SOMEBODY somewhere is doing a rather nice line in hot motors. The FBI wants this stopped. The annoying thing is that the felons are corrupt policemen who can bring the law to bear on anyone they take a dislike to.
So those awfully nice FBI people have called you in and given you an F40 with a neat line in bolt-on goodies.
You must drive across four states before the corrupt police officers roadblock all the exits. Your onboard computer will tell you which freeway exits to take, but will not know if the way is blocked or not.
The radar detector can tell where the nearest police car is and can be used to check for roadblocks.
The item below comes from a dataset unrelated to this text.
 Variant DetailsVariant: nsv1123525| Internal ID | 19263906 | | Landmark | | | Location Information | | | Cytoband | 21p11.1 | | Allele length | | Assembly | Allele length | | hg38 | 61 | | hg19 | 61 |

It is also very handy for keeping clear of honest policemen, who take extreme exception to the speed limit being exceeded by 145 mph.
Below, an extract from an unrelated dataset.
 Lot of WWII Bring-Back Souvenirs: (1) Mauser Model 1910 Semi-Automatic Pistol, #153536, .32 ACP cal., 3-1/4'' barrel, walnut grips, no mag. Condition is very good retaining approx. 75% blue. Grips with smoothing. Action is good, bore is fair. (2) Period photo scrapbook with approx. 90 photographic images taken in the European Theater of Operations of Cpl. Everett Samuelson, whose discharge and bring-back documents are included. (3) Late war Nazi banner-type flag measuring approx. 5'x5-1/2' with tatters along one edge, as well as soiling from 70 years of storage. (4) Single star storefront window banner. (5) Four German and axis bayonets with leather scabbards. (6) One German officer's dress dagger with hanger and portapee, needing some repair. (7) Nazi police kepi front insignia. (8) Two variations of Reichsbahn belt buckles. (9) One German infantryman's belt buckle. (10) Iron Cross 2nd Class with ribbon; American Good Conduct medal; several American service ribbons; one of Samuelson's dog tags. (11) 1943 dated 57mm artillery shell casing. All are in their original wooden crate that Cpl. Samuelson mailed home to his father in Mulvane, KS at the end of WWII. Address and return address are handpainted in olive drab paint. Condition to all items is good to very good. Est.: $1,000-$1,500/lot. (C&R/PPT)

The FBI has rigged the engine to explode if you do not make the checkpoint in the set time. The engine also happens to explode if you hit anything - car, lamp-post, bollard - or travel too fast for too long off the road.
And that is all there is to it.
CC2 is difficult and very frustrating. It must be the only game to give a car inertia - it becomes very easy to spin uncontrollably at high speed.
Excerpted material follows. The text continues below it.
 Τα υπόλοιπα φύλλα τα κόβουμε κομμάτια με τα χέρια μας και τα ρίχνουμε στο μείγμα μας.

What Titus has not put into the handling is the natural way steering wheels return to their centre position. I do not know how Titus can keep a straight face when it claims that the screenshots on the box are the same as the graphics in the game. They are not, they are retouched saved screens, not ones from the game.
With the handling of an elderly 2CV, the sound of a sewing machine, and graphics which would not be noteworthy on the machine which starts with an S and ends with a T, Crazy Cars II will appeal to somebody I am sure. Possibly one for a connoisseur of the truly mediocre.